На кухне за большим сосновым столом собрались все обитатели дома. Майя пришла последней. Перед тем, как сесть, она подошла к холодильнику, достала кувшин с красным соком и налила себе стакан. В отличие от остальных, она, по всей видимости, кофе не пила.
Все мирно ели булочки, пока Андреас не начал дразнить толстую женщину, лицо которой тут же потемнело, словно грозовая туча. Чем больше она свирепела, тем сильнее его это забавляло. Остальные упрашивали его прекратить. Под конец женщина поднялась, разразившись на удивление длинным потоком ругательств, матерных слов и оскорблений, и затем заковыляла в коридор. Послышался мощный хлопок дверью.
Андреас навалился на стол, с трудом запихивая в себя булочку и давясь от смеха. Из комментариев остальных я поняла, что такое случается отнюдь не впервые. Они все пытались заставить его перестать смеяться, но Андреас заходился каким-то патологическим хохотом и никак не мог успокоиться.
— Он отстает на десять лет, — пояснил один мужчина.
Очевидно, он хотел сказать, что Андреас по умственному развитию на десять лет моложе своего возраста.
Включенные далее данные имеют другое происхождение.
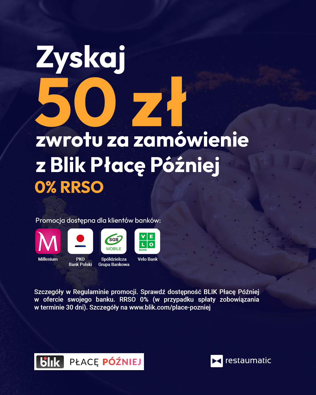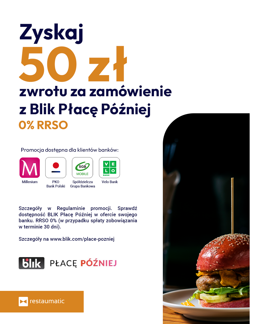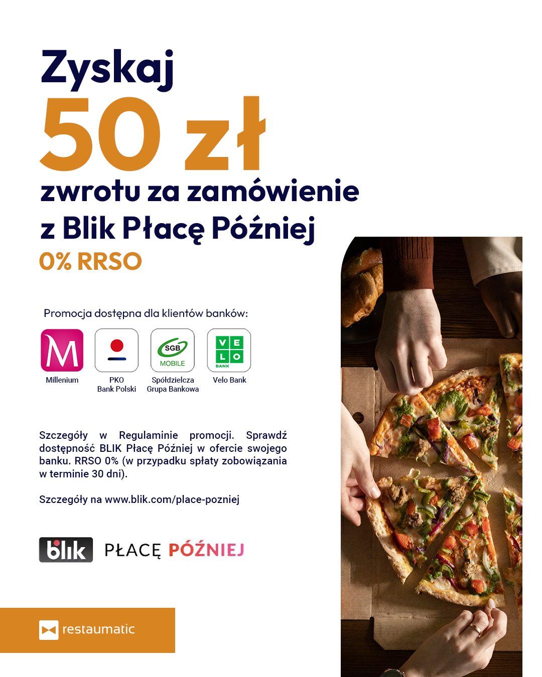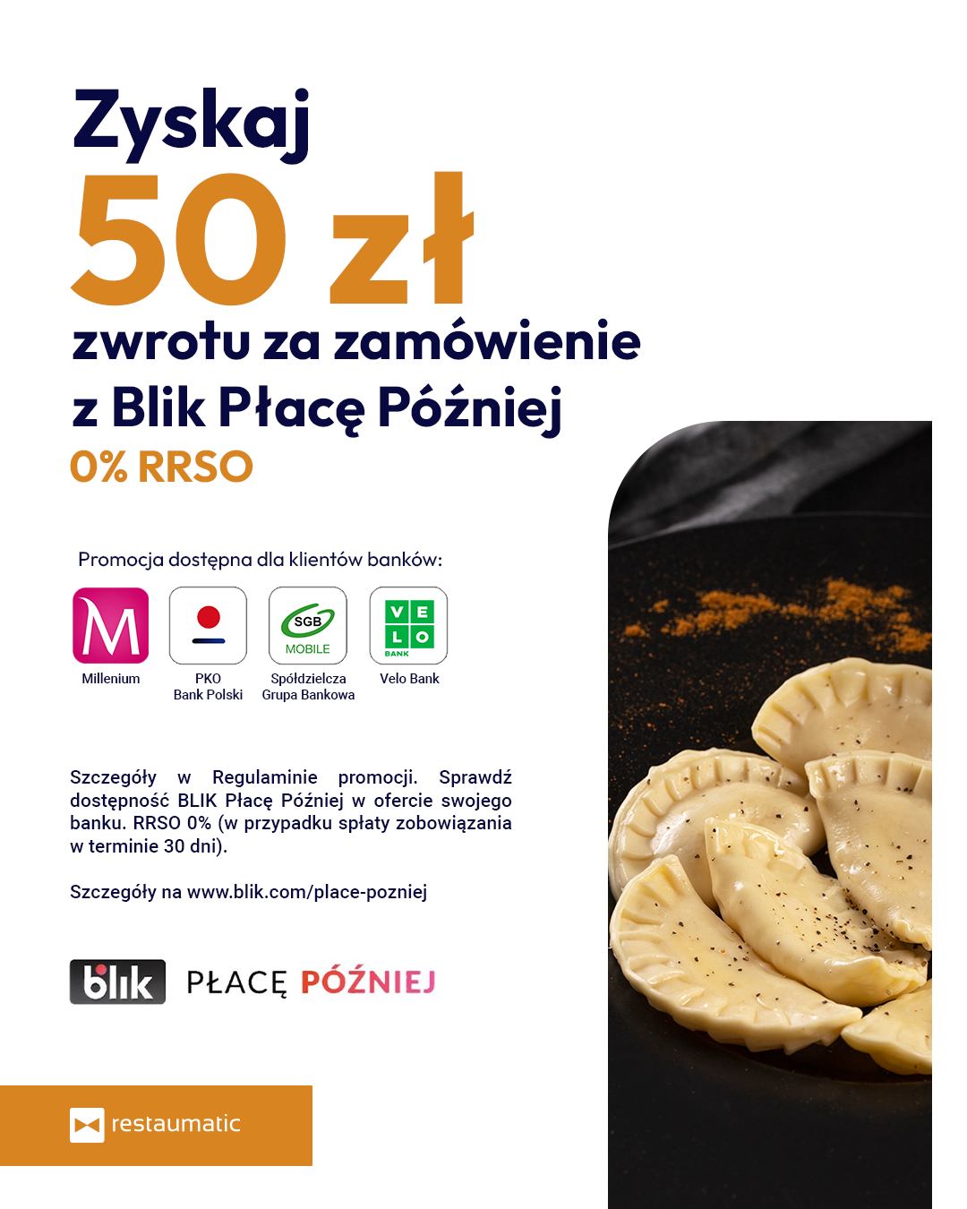 Zamów swoje ulubione dania za minimum 55 zł, wybierz płatność BLIK Płacę Później i ciesz się zniżką. To prostsze niż myślisz!
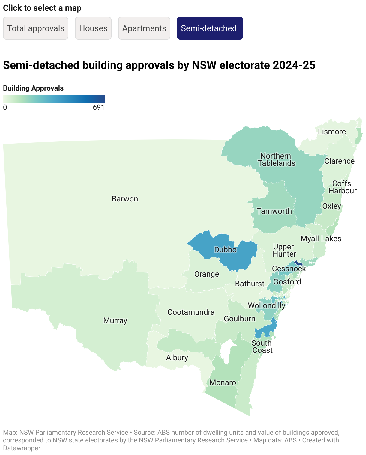 Click to select a map Total approvals Houses Apartments Semi-detached Semi-detached building approvals by NSW electorate 2024-25
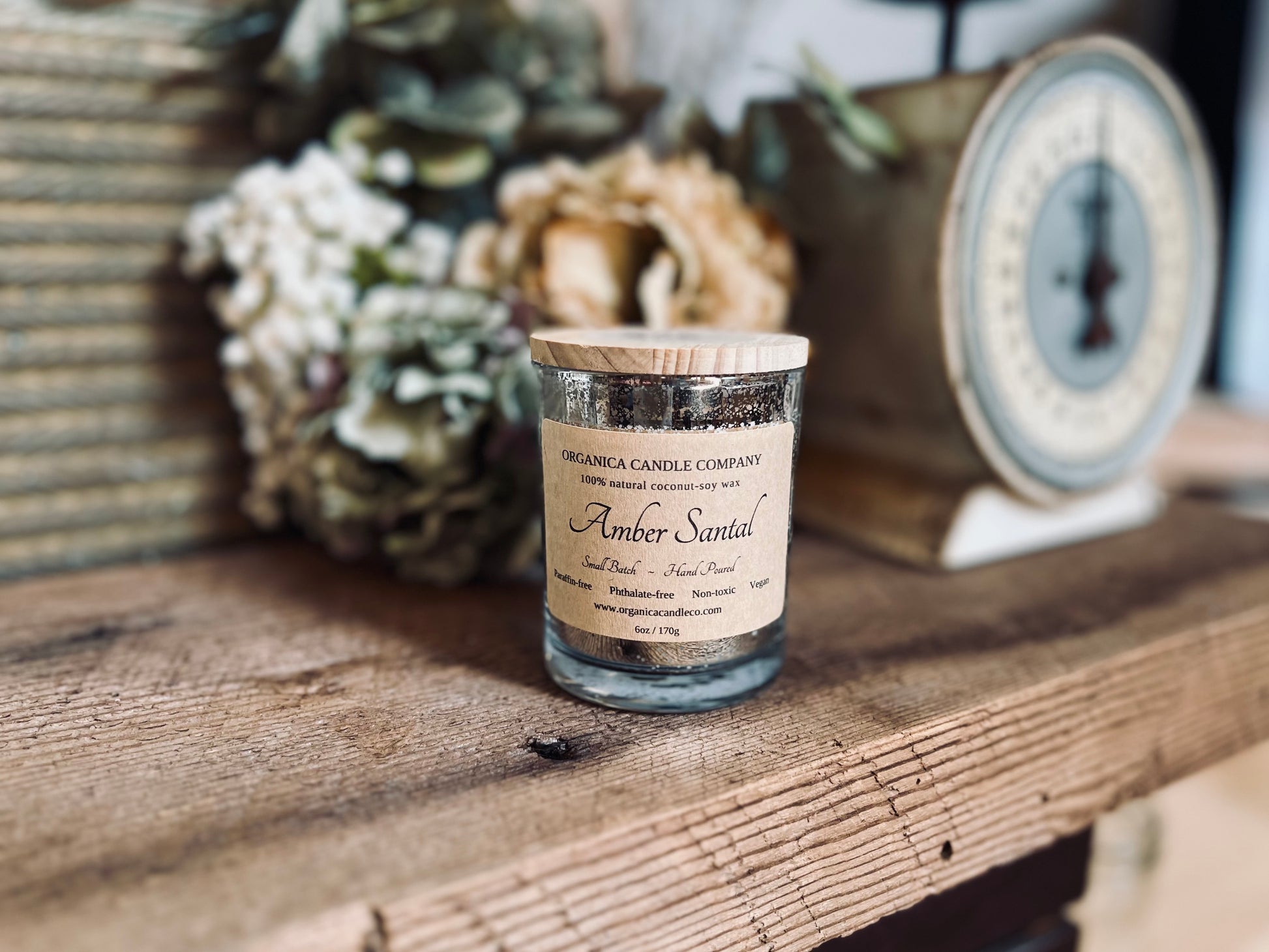 Amber Santal - Mercury Glass & Wood Lid - 6 oz

Ему, вероятно, года двадцать два, а значит, в душе он — двенадцатилетний мальчишка. Вредный младший братец. Я задумалась о ментальном возрасте Майи. Мыслит ли она, как двадцативосьмилетняя женщина?
Майя оторвала взгляд от стакана с соком и посмотрела через стол на Андреаса. В ее глазах не было осуждения. Она просто рассматривала его, открыто и долго, ничего не выражающим взглядом. Смех Андреаса прекратился, словно кто-то выключил его пультом, лежавшим около него на столе. У Андреаса был растерянный вид, будто он только что проснулся. Он потянулся, заморгал, стряхивая навернувшиеся от смеха слезы, и быстро смахнул со рта крошки булочки.
Все успокоились, и кто-то спросил у меня, чем я занимаюсь. Это совершенно неожиданно дало мне повод рассказать несколько историй о горных пленниках, а рыжеволосая женщина даже кое-что добавила, в частности, поведала местную версию легенды о царапинах на подоконнике.
Мы поблагодарили за булочки, попрощались с Майей и вышли из интерната.
Погода тем временем успела перемениться. Стало холоднее и неприветливее, чем в предыдущие дни, когда можно было гулять без куртки и сидеть в шезлонге на веранде. Солнце еще светило, но уже не так ярко, а прямо каким-то металлическим светом, и в воздухе чувствовалось приближение зимы. Так что сесть в машину было даже приятно.
— Ну, — сказал Йенс, когда я выехала на главную дорогу. — Ты узнала Майю?
— В некотором смысле она не изменилась.
— Ее состояние едва ли когда-нибудь улучшится. Надежд на такие изменения, как у Андреаса, больше нет.
— Молчание иногда имеет свои преимущества, — заметила я.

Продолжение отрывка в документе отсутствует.